Joe Casabona:You know, I was doing… Well, I still do videos for hire for people, but when I first started it and I was under the kind of tutelage of my friend Shawn Hesketh and we were making promo videos and he was like, “These are the things that you want to think about when you’re creating a promo video. It’s not just a tutorial. You need to connect with people and these things need to match up.”

And after that, every commercial I watched I was like, “What story are they telling? How are they communicating this? Why does this feel like a miss for me?” So I think that’s great. You kind of become more aware of why and how things work. And I love that.

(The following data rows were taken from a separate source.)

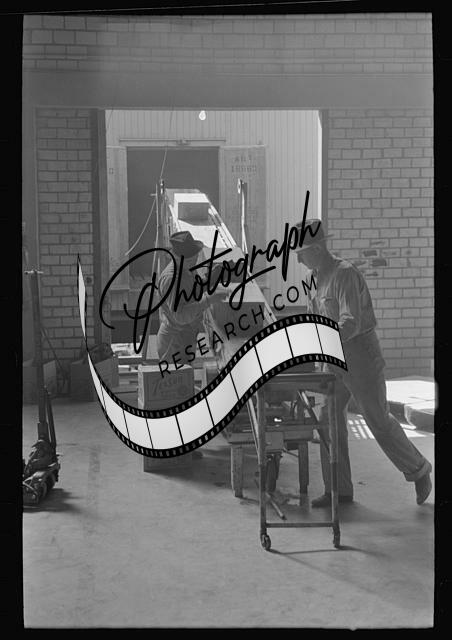 Conveyor loading direct from cannery into boxcar,Weslaco,Texas,TX,FSA,1939,1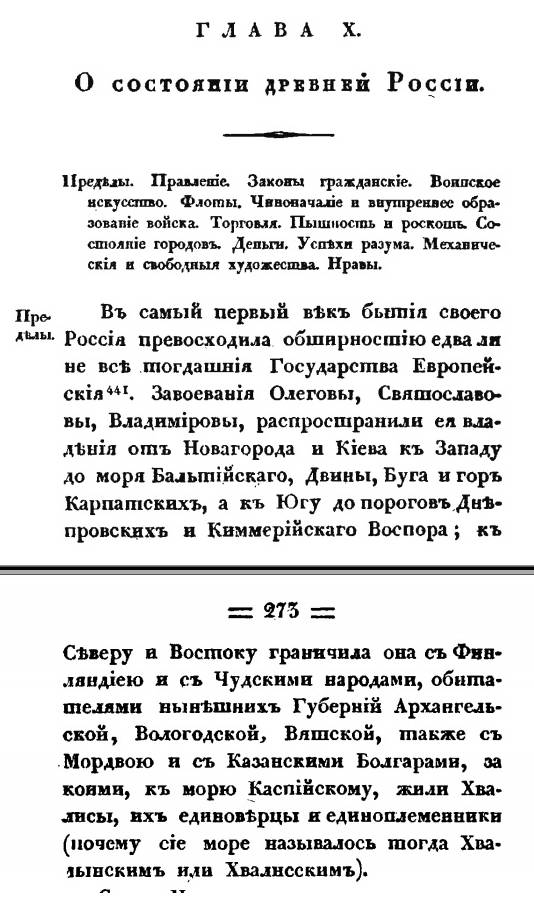 Илл. 2. Н.И. Карамзин. История государства российского. Т. I. Изд. 1818. С.272-273. Понимание имени Россия как Русь, идентичность значения этих названий, воплощены не только русской исторической наукой, но и монументальным искусством, знаменитым юбилейным памятником «Тысячелетие России», открытым в 1862 г. в Великом Новгороде. Основатель российского, русского государства и одновременно страны Русь, Россия Рюрик изображён на нём держащим щит с датой «лета 862» (илл. 3) [4].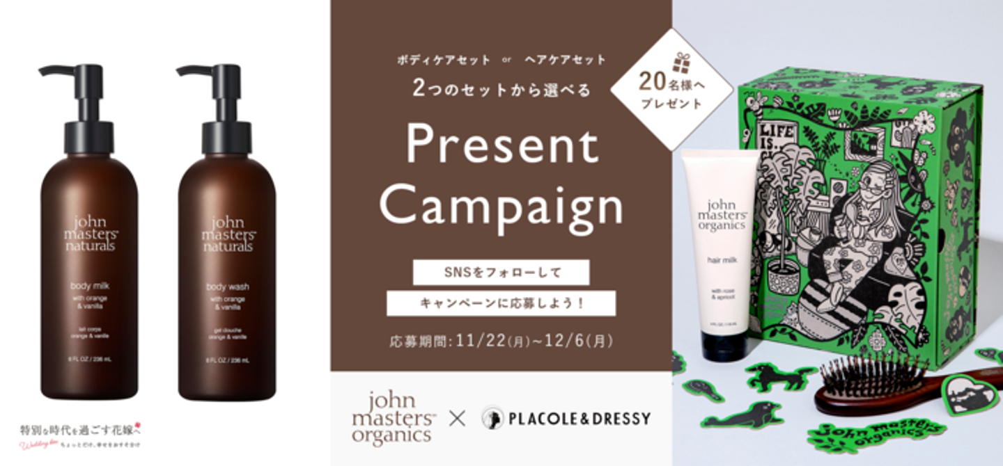 「特別な時代を過ごす花嫁へ」 john masters organics と PLACOLE & DRESSYのコラボ企画!20名様に『ヘアケアセット』or『ボディケアセット』をプレゼント!

Now let’s talk Ship 30. I’ve said in a podcast interview with Alastair McDermott with which is, you know, several episodes before this, that I was suspicious of the idea of writing every… not necessarily writing every day, but creating a new piece of content every day. I try to write every day. I have to write every day even in some way shape or form, but the pressure of putting out a good piece of content every day felt like undue pressure especially for like a first time creator. Why do you feel differently about that?

Dickie Bush:Because there’s two different things with what you said there. The first is create something every day. That is real really hard, and not something anyone should do. And we call this knock knock writing, which is if I asked you to tell me a joke right now, your mind would go in 100 different places, right? You’d like, “Oh…” You probably freeze because you don’t know what the joke to say. But if I said, “Tell me a knock knock joke,” your mind would jump immediately to a joke, right, because I gave you some constraint.

So within Ship 30, the reason, first of all, that people are able to write and create something every single day for 30 days is because they join and we give them a tight set of constraints. You have an atomic essay. It’s 250 words or less. You’re using one idea. Here’s 30 potential prompts for it. And we do everything possible to make that doable. Because yes, if it was, “Hey, come in here and write every day for 30 days and figure it out,” that’s impossible.

Now, another reason we do every day for 30 days is because most people sit on the other side of they don’t create often enough at all. Right? It’s very inconsistent. So we package this 30 days into, “Okay, here’s the goal.” Now, not everyone reaches that. In fact, I very rarely. I try to do most cohorts, but I think I’m like two for twelve on actually finishing every 30 days.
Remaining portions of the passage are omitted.